Plans had called for dropping the reservoir by 10 feet this summer as a first step in the eventual removal of Milltown Dam and restoration of the confluence of the Clark Fork and Blackfoot rivers. The drawdown began June 1.
The release was stopped, however, when the reservoir reached 9 1/4 feet - and after all the rainbow trout fingerlings died in cages in the Clark Fork River near the Deer Creek Bridge and below the confluence with the Bitterroot River, said Russ Forba, EPA's Milltown project manager.
“The small fingerling rainbow trout are very susceptible to any sort of change,” Forba said. “They're meant to be the canary. We're not exactly sure what killed them. It could have been some sort of viral or bacterial infection.”
The drawdown has been closely monitored, and so far there haven't been any spikes in dissolved metals, Forba said.
The levels of metals and suspended solids were actually higher earlier in the process, but the water was also much cooler, he said. Water temperatures bumped up to the 70-degree mark over the past few days.

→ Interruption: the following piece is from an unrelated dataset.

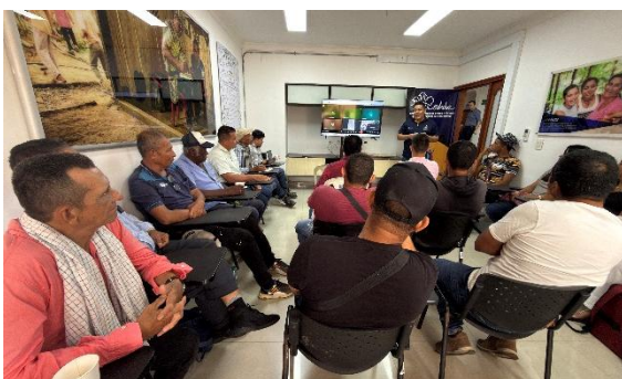
Jornada de atención al público y acompañamiento comunitario

Stopping the drawdown will likely reduce the fine particles of sediment coming out of the reservoir, which may be part of the reason the fish died, Forba said.
The drawdown will probably start again sometime near the end of August when water temperatures drop.
“We're doing what we can to protect the resource,” Forba said. “Our monitoring system has worked just as we expected it would. These fingerlings couldn't escape to cooler or deeper water like other fish can.”
Montana Fish, Wildlife and Parks will perform a necropsy on the trout in an attempt to discover what killed them.
About a third of the larger trout fitted earlier with radio transmitters have also died.
“It's hard to know what that means,” Forba said. “We don't know what the impact has been on resident fish. We won't know that until we do population census work next June.”
Forba said the amount of sediment that scoured out from the reservoir was quite a bit less than what had been anticipated.
“We didn't have the high flows that we expected,” he said. “When we began the drawdown on June 1, the river was at 8,400 cfs. Our models expected almost double that.”
If the levels are higher than 8,400 cubic feet per second next spring, Forba said there will likely be additional sediment scoured from the reservoir.
The Milltown Reservoir Superfund cleanup is on schedule, with work on the bridge over the Blackfoot River planned for this fall and removal of Milltown Dam planned for spring 2008.